Отпираться глупо. Кому я ещё мог доверить машину, кроме Саньки? То есть, понятное дело, что свою «Тойоту» я вообще никому не доверю, в том числе и ему, но Люба об этом не знает и разубеждать её не стоит. Надо скорее спровадить её отсюда, иначе, не дай бог, она что-нибудь заподозрит и заглянет в ресторан.

– Люба? – Я моргаю как можно более наивно. – Ах, Люба! Как же, как же… Столько слышал!

– Надеюсь, ничего плохого… – усмехается моя бывшая любовь. – Вся проблема в том, Сашенька, что вот уже третью неделю я не могу с Димой связаться. Это странно… И вот еду… и вдруг!..

– Удивительный случай, – говорю я. – В Москве случайно наткнуться на машину любовника – всё равно что встретиться в метро с женой…

Люба пристально смотрит на меня.

– Вы интересно мыслите, Саша, – говорит она тихо. – Совсем, как ваш друг… Скажите, когда вы видели его в последний раз? Наверное, когда брали машину?

– Да, – говорю я. – То есть, нет…

– Нет? – наклоняет голову Люба. – Что это значит?

Я и сам не знаю, что всё это значит. Я только уверен, что с ними, с моей любовью вкупе с её олигархом, – надо быть крайне осмотрительным. Не стоит давать им ни одного лишнего факта информации.

И я объясняю Любе, что виделся с Димой давно, наверное, с неделю назад. Но сегодня утром он позвонил мне и попросил перегнать машину на стоянку в редакции. Вот я и…

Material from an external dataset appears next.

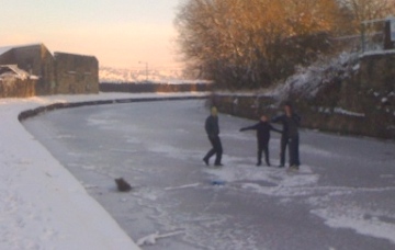 This picture shows youths risking their lives on the frozen Leeds & Liverpool Canal, despite warning of its danger, Alan Tilbury relates.

Я показываю одним пальцем в сторону Сухаревки, а другим – в сторону Курского. Любины глаза внимательно прослеживают за фигурами из моих пальцев, но в следующее мгновение я вижу на её лице невысказанный вопрос: какого же чёрта ты свернул на Сахарова, ежели тебе нужно на Курскую?

– А я по бульварам люблю, – шепчу я.

– Какие вы оба умные, – шепчет она мне в ответ.

Пора снова прикинуться дурачком, и я с наивной улыбкой жму плечами.

– Так он звонил вам утром… – размышляет вслух Люба. – А вы не могли бы сделать мне одолжение? Позвонить ему с вашего телефона? Это ведь несложно?

– Несложно, – говорю я. – Только как-то неловко… Почему вы не хотите со своего?

Будучи человеком действия, Люба не вдаётся в пустую дискуссию, а на моих глазах посылает вызов. На мой номер телефона. Я мысленно прослеживаю путь звонка, который направляется на ближайшую тарелку, затем на спутник, а оттуда снова на ту же тарелку – чтобы подать сигнал на мою сим-карту, которая вставлена в Санькин аппарат. Который – лежит в моём кармане.

А в санькином кармане лежит мой аппарат с его сим-картой.

Вот так. Конспирация так конспирация. На войне как на войне. Выражаю нам обоим благодарность за бдительность и тщательную подготовку операции.

Звонок между тем долетел до моей сим-карты в санькином аппарате и заткнулся, поскольку попал в чёрный список. Надо же, случается и такое, что любовь попадает в чёрный список.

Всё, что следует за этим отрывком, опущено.